The world’s oceans have been set to simmer, and the heat is being cranked up. Last year saw the hottest ocean temperatures in recorded history, the sixth consecutive year that this record has been broken, according to new research.
The heating up of our oceans is being primarily driven by the human-caused climate crisis, scientists say, and represents a starkly simple indicator of global heating. While the atmosphere’s temperature is also trending sharply upwards, individual years are less likely to be record-breakers compared with the warming of the oceans.
Last year saw a heat record for the top 2,000 meters of all oceans around the world, despite an ongoing La Niña event, a periodic climatic feature that cools waters in the Pacific. The 2021 record tops a stretch of modern record-keeping that goes back to 1955. The second hottest year for oceans was 2020, while the third hottest was 2019.

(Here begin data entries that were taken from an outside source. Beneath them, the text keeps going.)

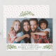 Cette carte de vœux de Noël élégante présente une photo de paysage de votre famille avec un message personnalisé "Joyeux Noël" encadré par des branches hivernales vertes de style aquarelle avec des baies rouges. Un design coordonné avec des points peints en rouge et une couronne de Noël avec un texte personnalisé habille l'arrière de la carte.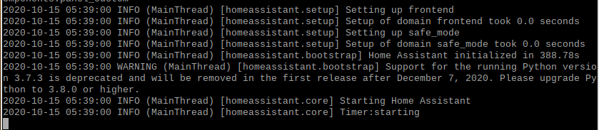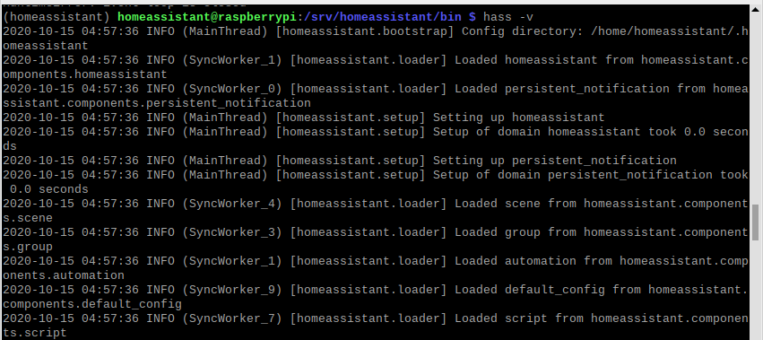 "hass"로만 실행하면 뒤에서 무슨 일이 벌어지고 있는지 잘 모르기 때문에 실행 로그를 자세하게 남기는 옵션인 -v를 추가해서 "hass -v" 명령으로 실행하고 기다렸습니다.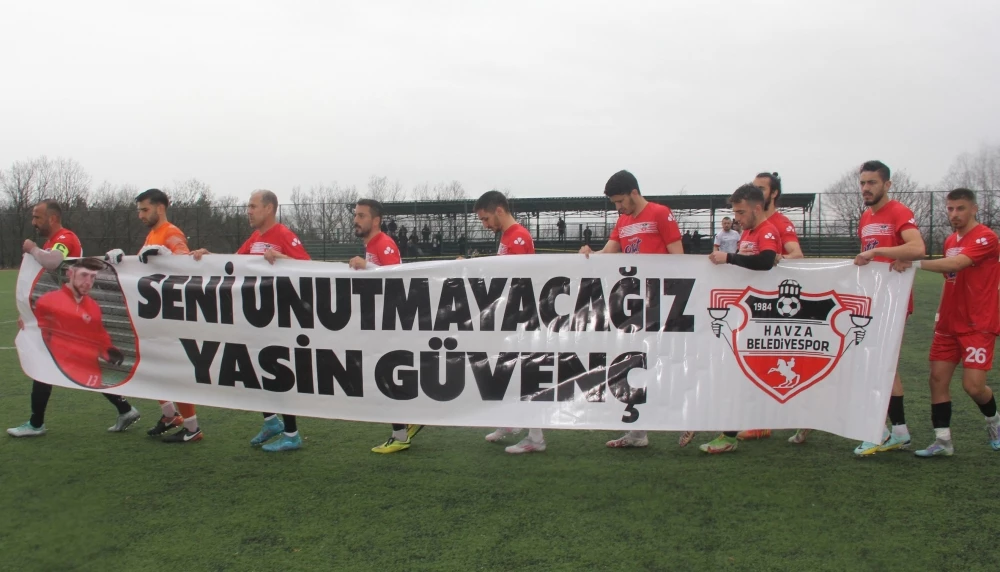 Havza Belediyespor formasını giyen Güvenç için takım arkadaşları ile rakip oyuncular ilçe stadında sahaya "Seni Asla Unutmayacağız Yasın Güvenç" yazılı pankart ile çıktı.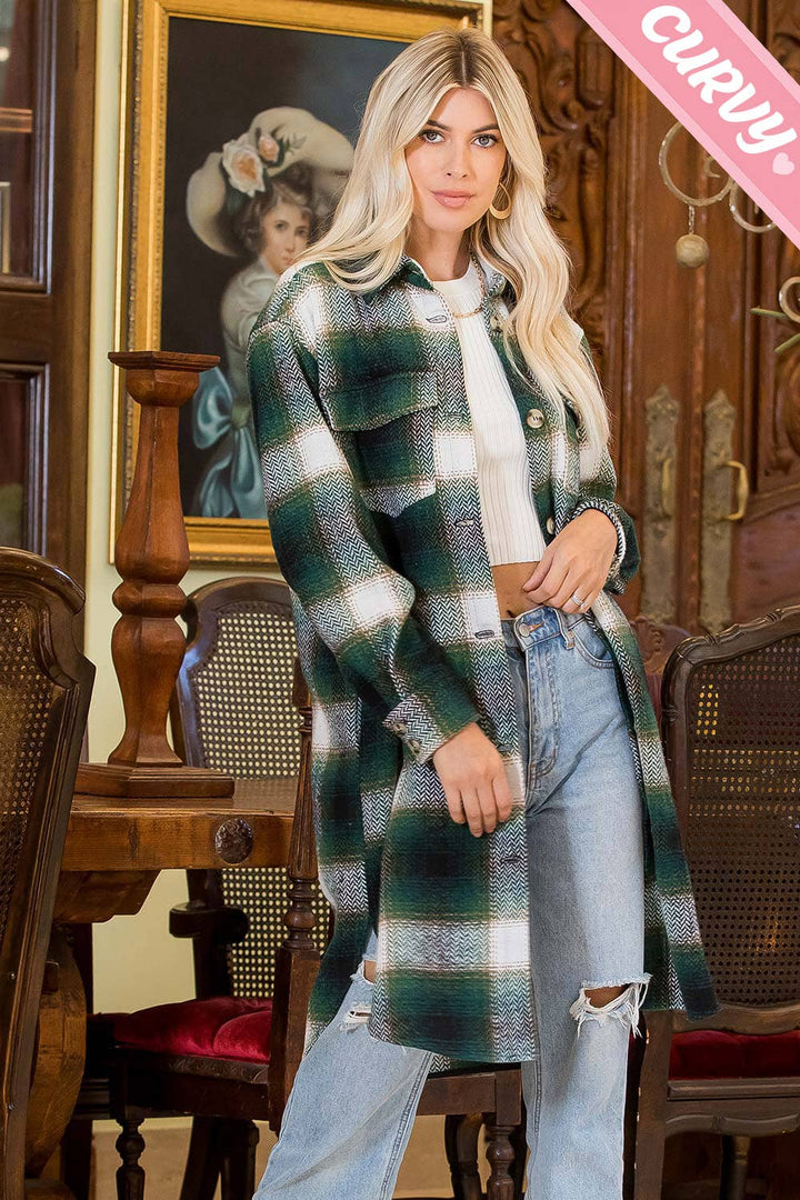 Introducing the Shacket - Plus Size, a versatile woven fabric plaid shirt coat perfect for any occasion. Its relaxed fit and front button closure make it ideal for both casual daytime adventures and stylish night-time outings. With functional chest pockets, welt front pockets, and a flattering round hemline, this coat combines warmth and fashion seamlessly. Elevate your winter wardrobe with this must-have piece.

“The ocean heat content is relentlessly increasing, globally, and this is a primary indicator of human-induced climate change,” said Kevin Trenberth, a climate scientist at the National Center for Atmospheric Research in Colorado and co-author of the research, published in Advances in Atmospheric Sciences.
Warmer ocean waters are helping supercharge storms, hurricanes and extreme rainfall, the paper states, which is escalating the risks of severe flooding. Heated ocean water expands and eats away at the vast Greenland and Antarctic ice sheets, which are collectively shedding around 1tn tons of ice a year, with both of these processes fueling sea level rise.